TASK TO CARRY OUT: Reproduce the listing that follows word for word, without its pictures.

RECORDED DATA:
▼▼▼
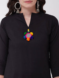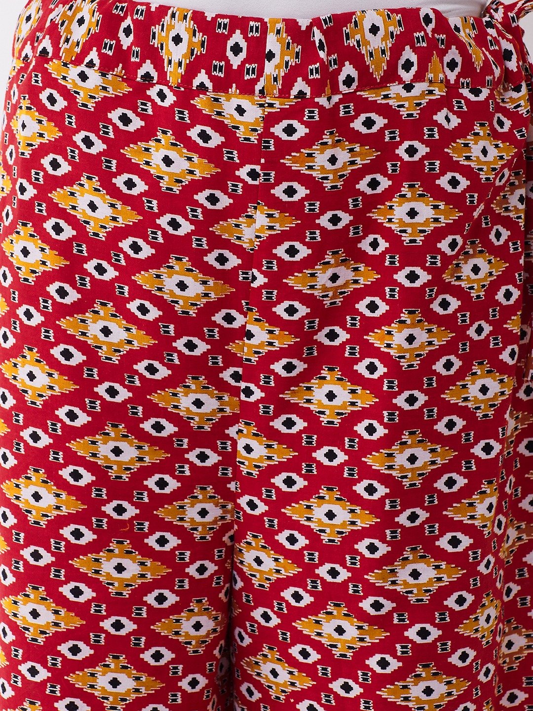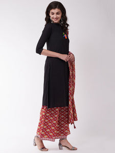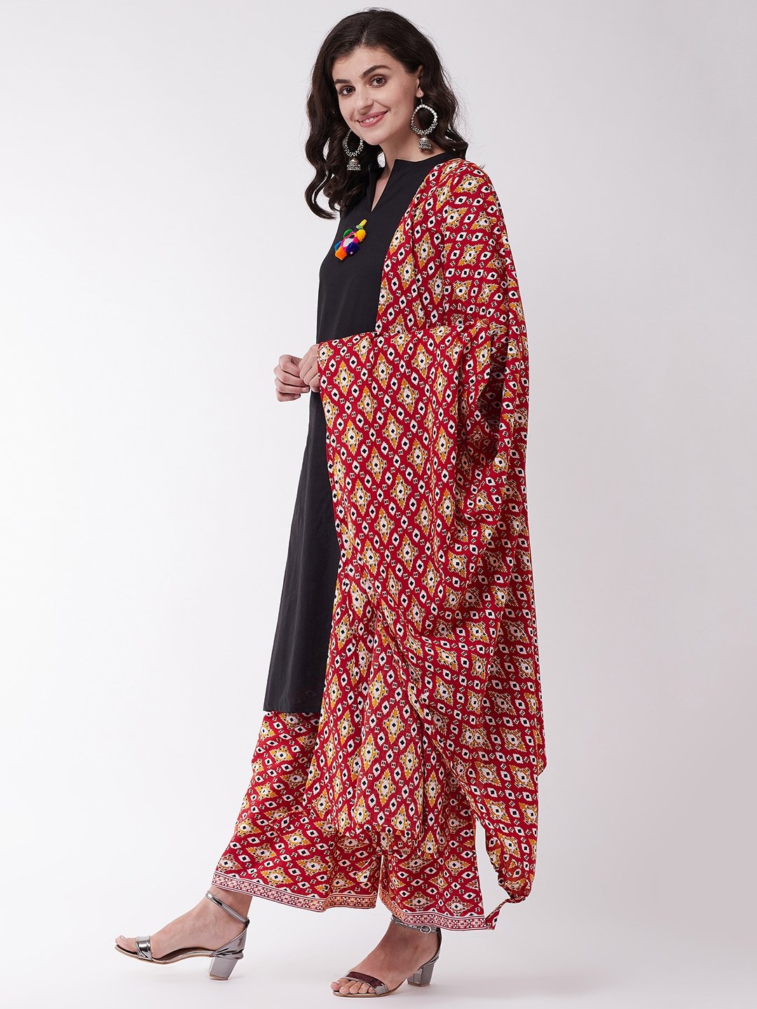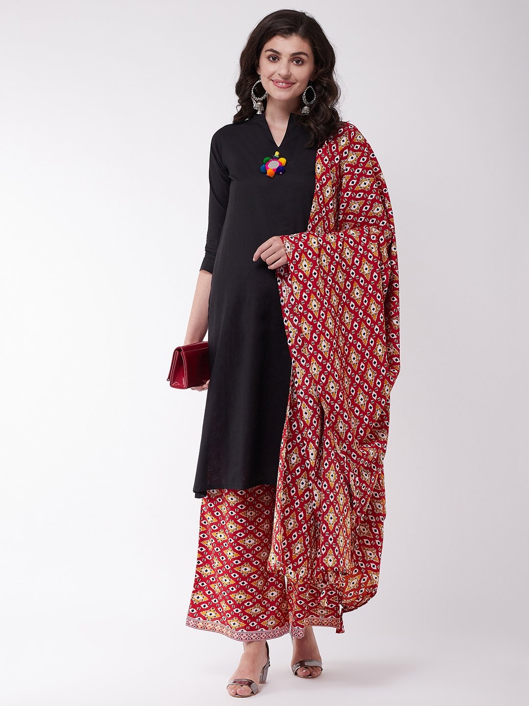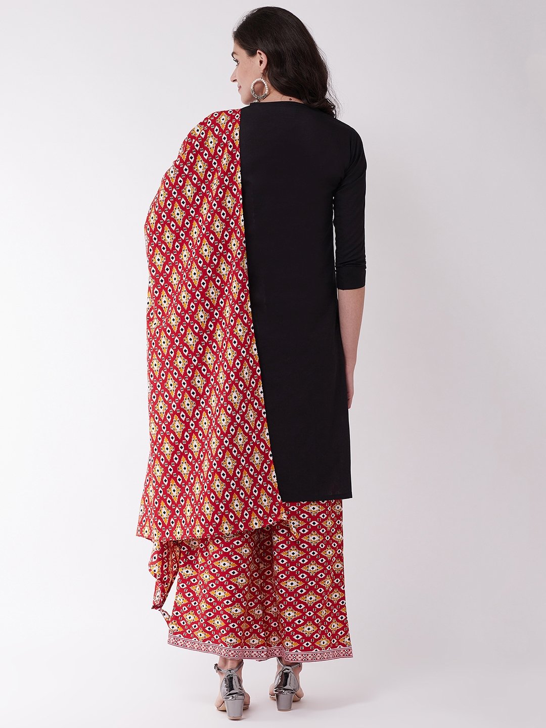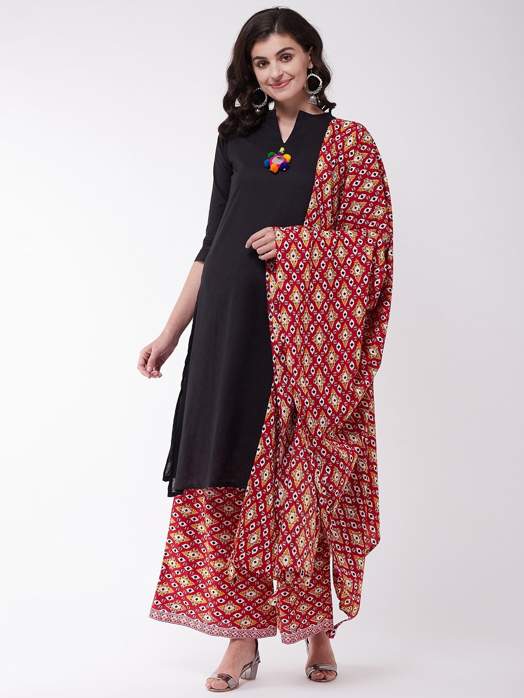 Shrug off that age old classic garb and buy this trendy black and red Patola kurta palazzo set. Spiff up your look by wearing oxidised jewellery set.
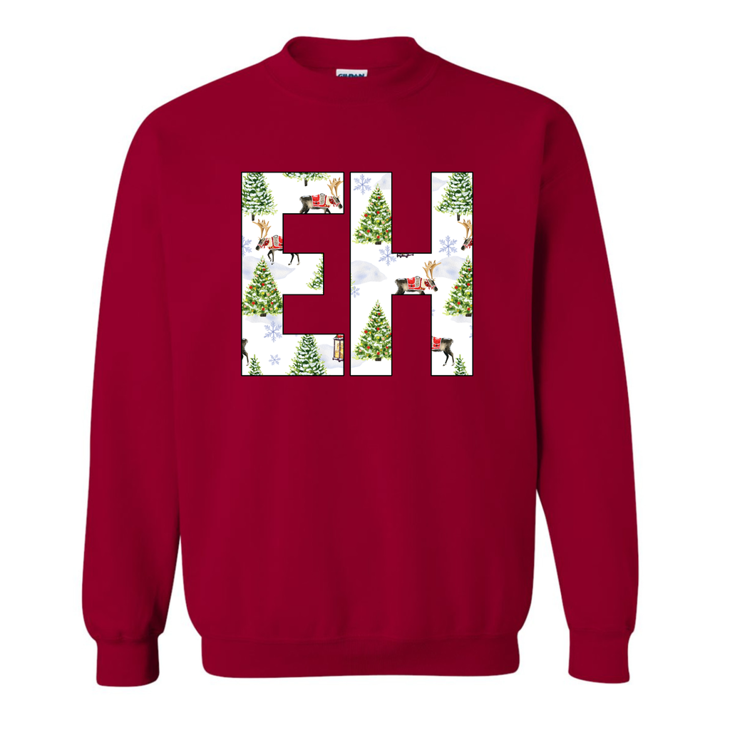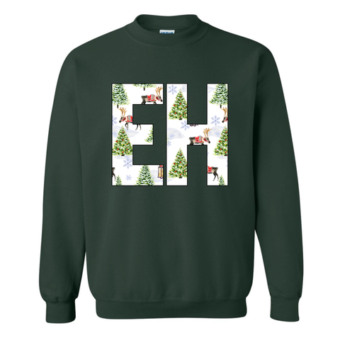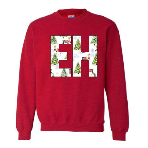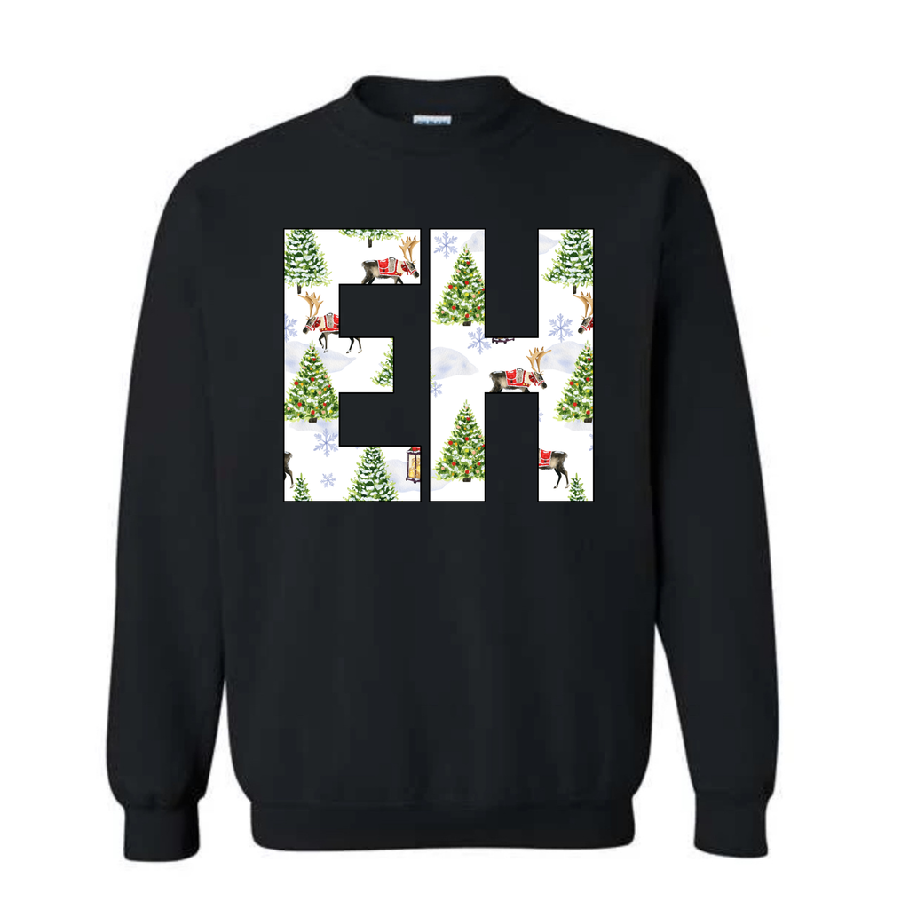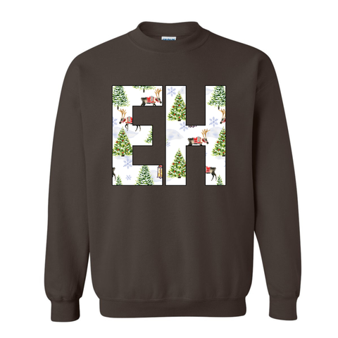EH is heat transferred on to the front of the hoodie. CANADIAN BREHVE logo to the back of the neck.
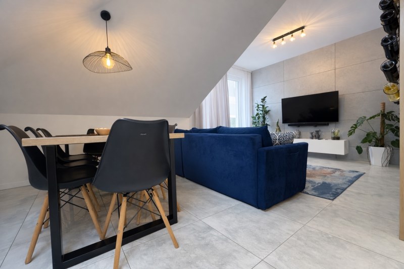 Przestronny salon z jadalnią i aneksem kuchennym (razem 20 m²), z dekoracyjną betonową ścianą multimedialną, tworzący centralną, otwartą przestrzeń do codziennego życia i integracji domowników. Kuchnia w pełni wyposażona: meble na wymiar, lodówka, zmywarka, piekarnik i płyta indukcyjna.
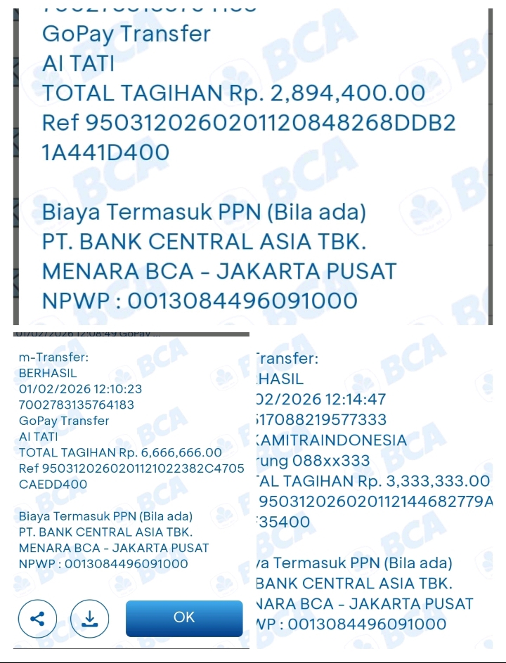 Atas nama AI TATI (sebanyak 2 kali transfer)
▲▲▲
RESPONSE TO THE EXERCISE:
 Shrug off that age old classic garb and buy this trendy black and red Patola kurta palazzo set. Spiff up your look by wearing oxidised jewellery set.
EH is heat transferred on to the front of the hoodie. CANADIAN BREHVE logo to the back of the neck.
 Przestronny salon z jadalnią i aneksem kuchennym (razem 20 m²), z dekoracyjną betonową ścianą multimedialną, tworzący centralną, otwartą przestrzeń do codziennego życia i integracji domowników. Kuchnia w pełni wyposażona: meble na wymiar, lodówka, zmywarka, piekarnik i płyta indukcyjna.
 Atas nama AI TATI (sebanyak 2 kali transfer)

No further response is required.